The port company expects the process to be completed this year.
KWL has obtained partial SEZ designation. CEO of KWL Grantley Stephenson pointed out earlier this year that the rate of return on its investments was being significantly hampered by Government’s failure to grant SEZ designation to its entire operations at Newport West, Kingston, where it operates the Caribbean’s leading multipurpose terminal.
Kingston Wharves, which held its annual general meeting on Thursday, said it expects to break ground for the construction of its near-port logistics facility at Ashenheim Road in Kingston in the fourth quarter of this year as well as begin the rebuilding of berth three as part of its expansion plans.

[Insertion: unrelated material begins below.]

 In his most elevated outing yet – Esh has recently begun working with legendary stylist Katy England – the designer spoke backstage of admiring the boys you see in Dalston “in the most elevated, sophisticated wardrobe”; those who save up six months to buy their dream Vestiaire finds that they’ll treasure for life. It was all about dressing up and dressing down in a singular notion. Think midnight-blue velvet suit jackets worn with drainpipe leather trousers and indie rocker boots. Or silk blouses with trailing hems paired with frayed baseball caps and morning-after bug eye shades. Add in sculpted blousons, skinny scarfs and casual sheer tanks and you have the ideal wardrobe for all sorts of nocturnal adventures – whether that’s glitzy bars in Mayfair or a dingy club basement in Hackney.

It has also committed $100 million in support of a drainage-improvement project at Newport West, a much-needed compliment to the Government’s extensive roadwork now under way.

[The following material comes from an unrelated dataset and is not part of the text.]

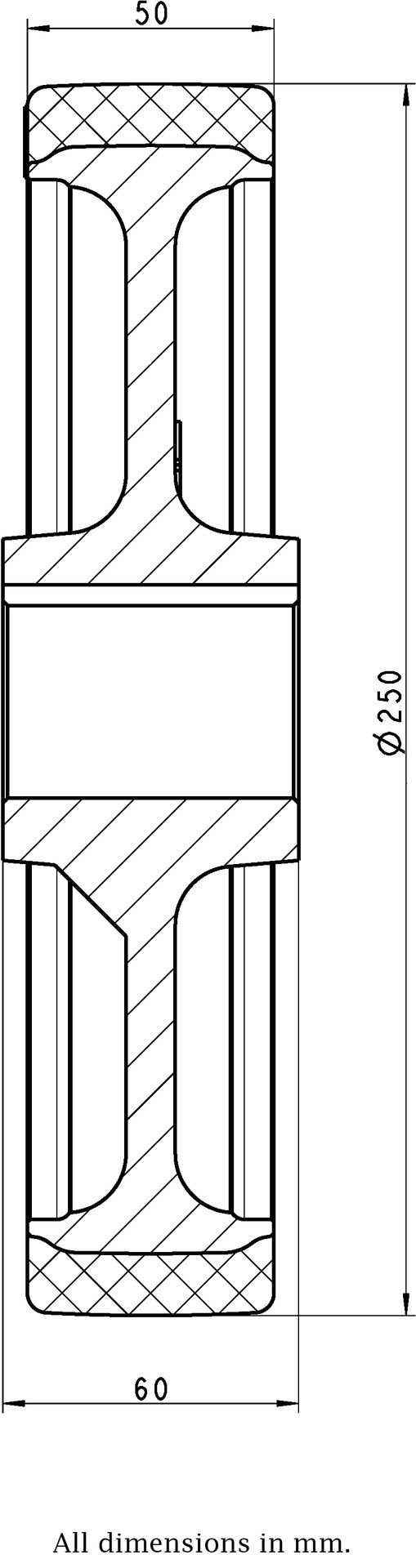 250mm wheel with brown polyurethane on cast iron centre with keyway

Stephenson told the Financial Gleaner that the contractor should start working on the improvement works to the drain in another week or two.
He said that the works would extend from Newport West to the sea and would not include the area near the Tinson Pen aerodrome on Marcus Garvey Drive in Kingston, which was extensively flooded, causing traffic gridlock across the city in October, last year.

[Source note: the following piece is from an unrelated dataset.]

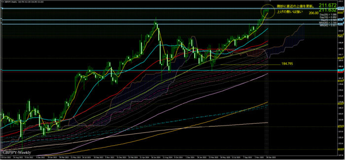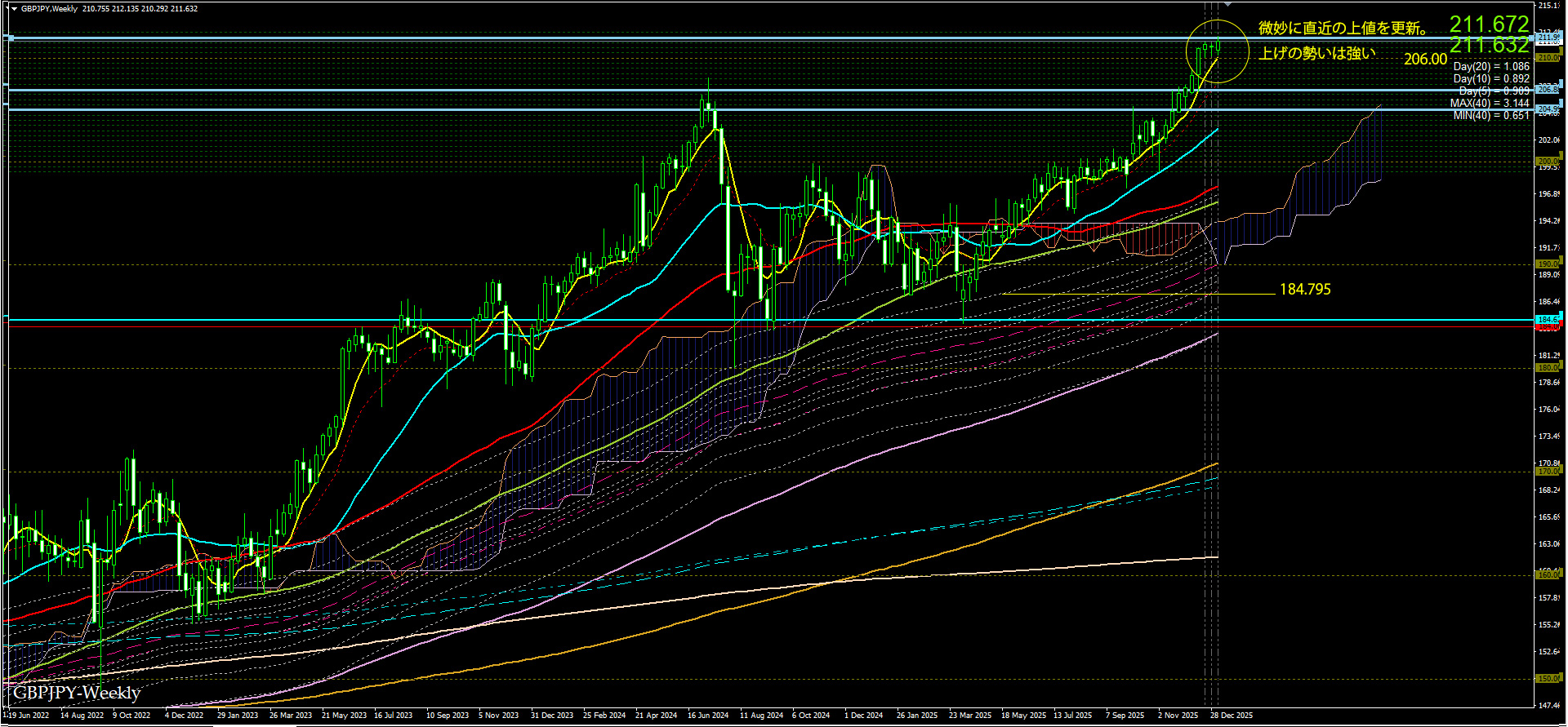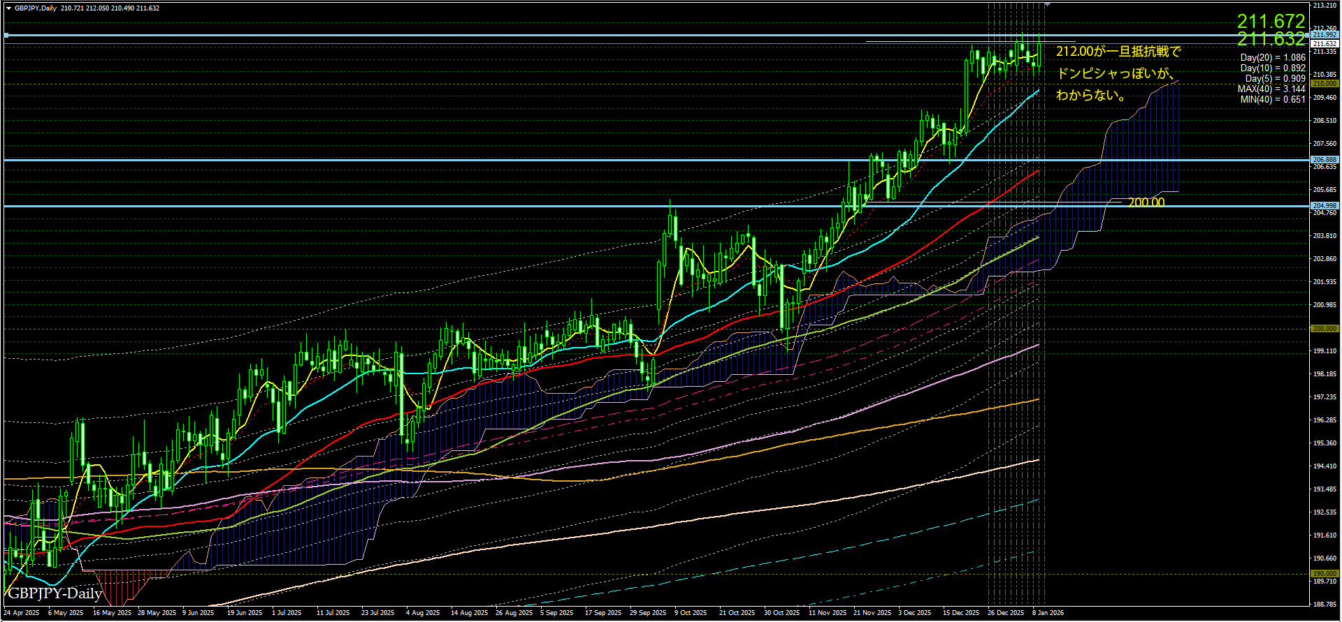 いよいよ2026年の相場がスタートした。もみ合いの週だった。上は212.00が抵抗線になっているのか?

The near-port facility will add over 300,000 square feet of warehouse space to Kingston Wharves’ facilities.
“Our value proposition surrounding the operation will be further bolstered with the area being designated a special economic zone, which is close to being realised,” the port executive said.
Following the completion of berth three, attention will turn to upgrading works on two other berths, said Stephenson at the meeting held at the new AC Hotel in New Kingston.
Revenue generated by the company’s terminal operation for the first quarter ending March was $1.35 billion, or 10 per cent higher than the corresponding period in 2018, while divisional operating profit increased by 37 per cent from $385 million to $527.8 million year on year, said Stephenson.
The logistics division generated revenue of $478 million, an increase of 21 per cent over the corresponding period in 2018, while operating profit grew by 78 per cent.